We may have an expedient solution for these problems in order to narrow the gap between formal rules and actual scientific activity. The problem with open classes and and with infinity of number of properties is seen as a problem with a new class C* (infinite number of properties also form a C*). Thus,

(1) In C*, select part of the properties more relevant to the current work for further selection;

(2) Group the infinite number of properties of C* into a finite number of parts, each part being a subclass with infinite number of properties. Take each of these subclasses as members of C* and treat with rules (i) and (viii).

Those two methods should be used together. It may be advantageous to use (2) first. Whichever is used first, however, intuition comes into play.

Yong Huang

1991,2004

_________________

Notes:

[1] Take definition 4b of the word "type" in the Merriam-Webster dictionary, "a typical and often superior specimen", although "superior" is not necessarily needed. Another appropriate word is "prototype", in the sense of "someone or something that has the typical qualities of a particular group, kind, etc." in the same dictionary. Note that this article is completely irrelevant to the common debate in philosophy about types, as in Bertrand Russell's philosophy of type. Instead, think of this study as one on the meaning of the word "typical".

[2] "Essential properties" are to be understood as common properties or features of a class X. Common properties indeed can be used to define a class. This is an important characteristic of essential properties. The problem whether essential and accidental or occasional properties really exist is not discussed in this paper, which takes the fairly well received opinion. See the entry "Relations, Internal and External" by R. Rorty in
[3] Take game as an example. Are all games entertaining? No, some are purely competitive. Do games result in wins and losses? No, the game in which a child throws a ball to the wall and catches it when it bounces doesn't involve win or loss. No matter what "common" features you find for a game, I can find a counter-example; it has to be called a game but it does not have this "common" feature.
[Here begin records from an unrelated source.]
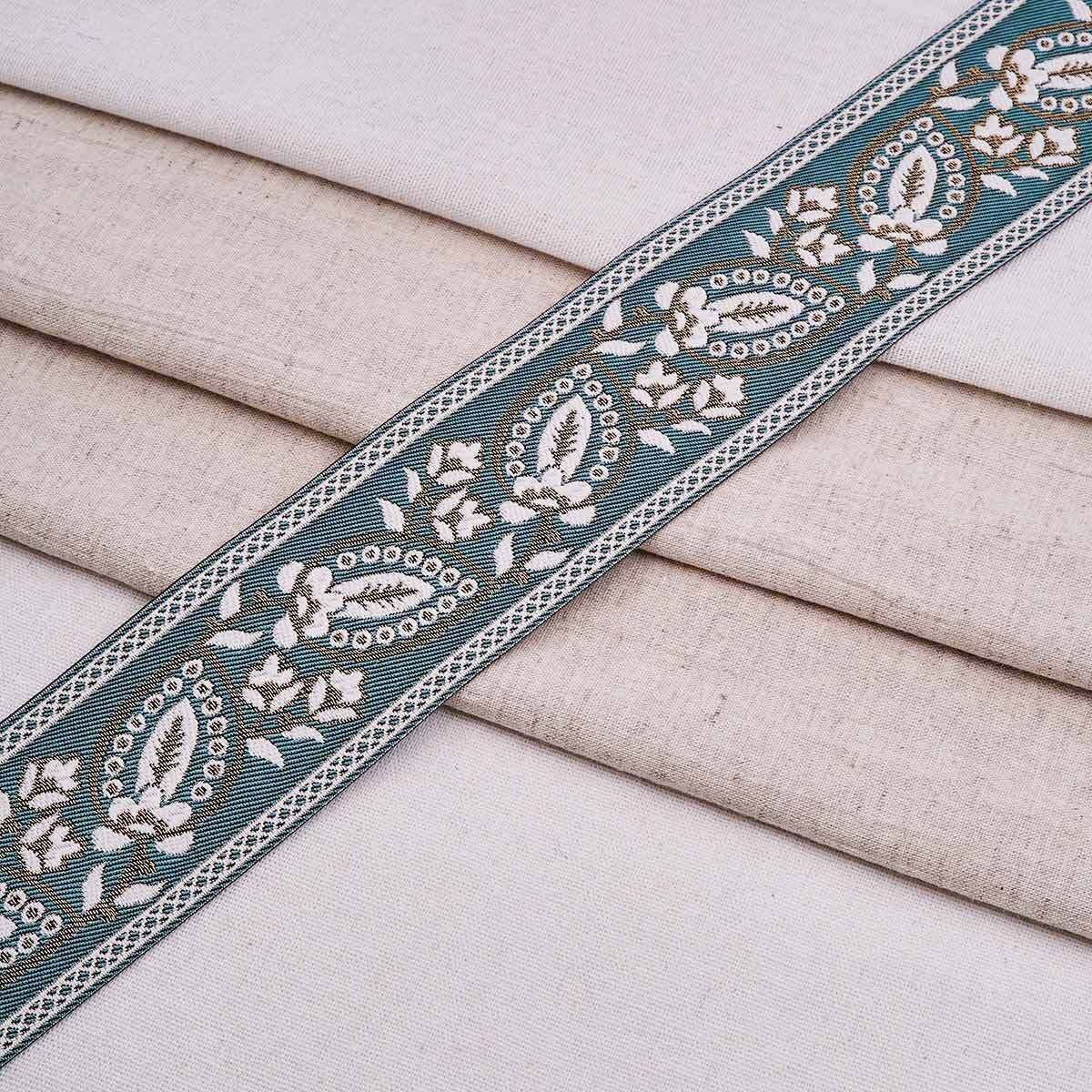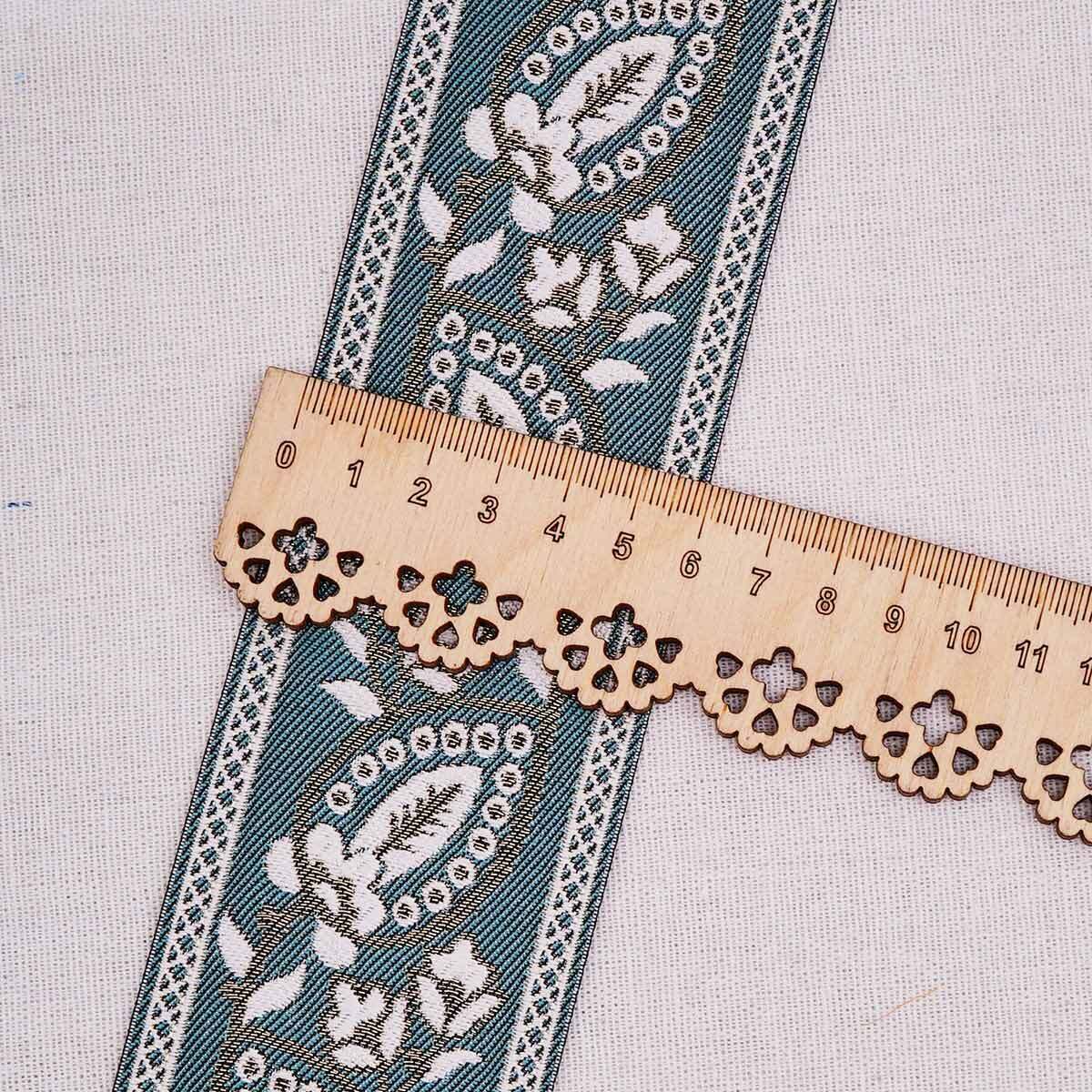 Лента (тесьма-бордюр) жаккардовая 60.0 мм / 25±1 метров, 3 бирюзовый, 3AR2679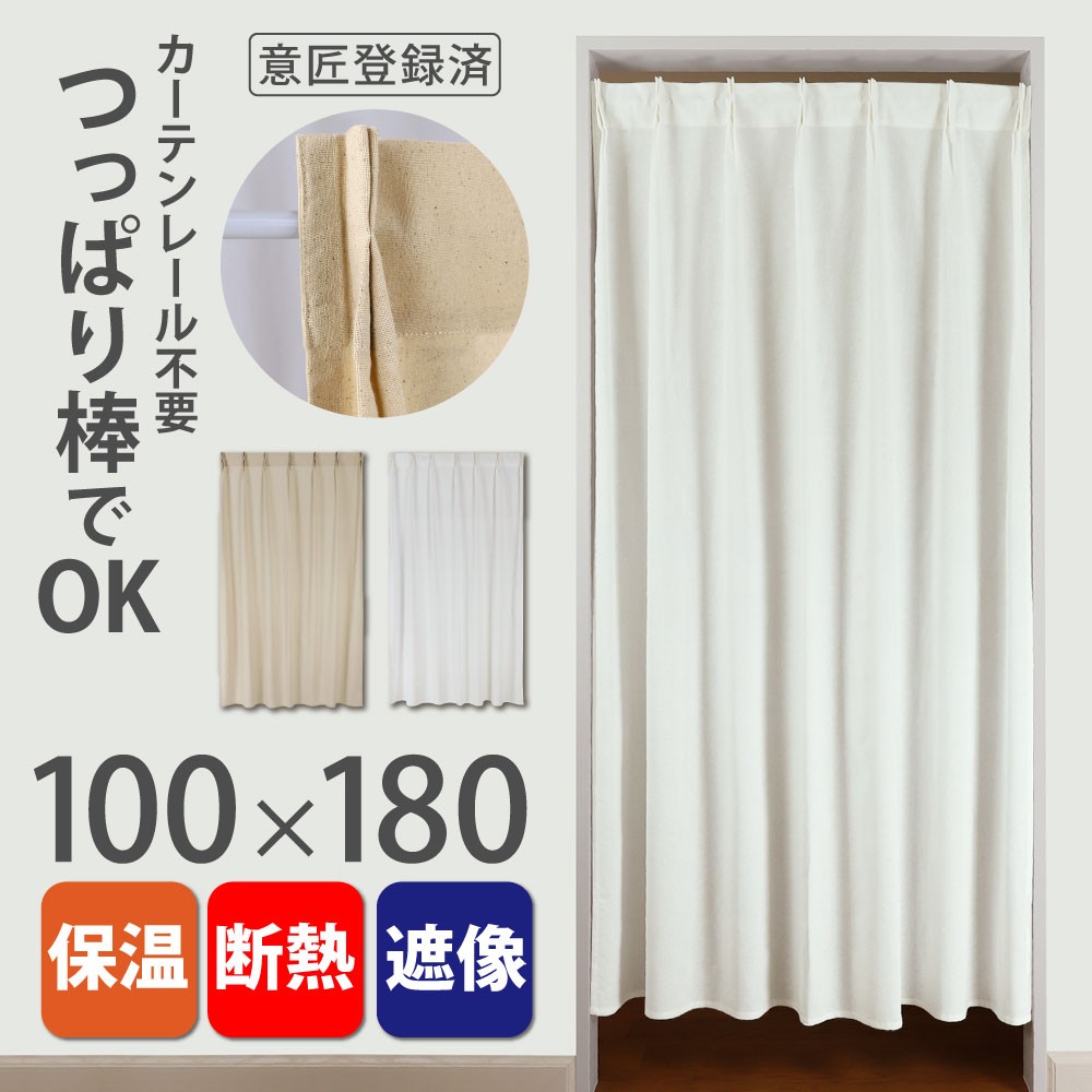 タック間仕切りカーテン コトン 100cm幅×180cm丈 1枚入 無地 保温 断熱 遮像 天然素材 綿 コットン ドア 細窓 ロング丈 縦長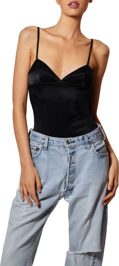 The Tous Les Jours bodysuit is crafted in sensuous stretch silk with structured front boning and a sculpted bust that defines the silhouette. Designed with adjustable straps, an invisible side zipper, and a clasp at the back that frames a subtle open-back detail. A mesh panel at the base of the spine creates a peek-through moment when styled with denim or tailored separates.

Therefore we see overlapping features of similarity and cannot find one single common feature (see Wittgenstein's *Philosophical Investigations* Sect. 66). Obviously, if these common features or properties need to be reasonable, then (1) they cannot be ones that are ubiquitous, such as existence or cognizability (properties of fundamental philosophical significance), cannot be higher level properties for a specific class such as "being an activity" for game; (2) cannot be a tautological property S "being S"; (3) cannot be an intersection of all class members' properties. The reason is simple; we phenomenalize essential properties to common properties but we still require that they be able to define a class.

But whether Wittgenstein extrapolated family resemblance to all entities is controversial. This paper takes the opinion of most philosophers: some entities follow the family resemblance rule, while some others have common essential properties.

[4] Why do we only consider X_{3} and X_{1}? If we disregard X_{3} for the moment, then the probability of being X_{T} is X_{1}>X_{2} (because 1 is definitely a small NP), and X_{2} > X_{4} (because rule (iv) requires that the larger NP_{T} the better), and obviously X_{1} > X_{5}. But before we decide on how big NP is big and on the criterion of comparing the number of NP's, we cannot compare X_{3} with X_{1}, X_{2}, or X_{4}.

[5] All this is closely related to our inability to tell with absolute certainty what objects or facts in the world are simple and basic (see Wittgenstein's *Philosophical Investigations*, Sect. 46, where he criticized his early logical atomism).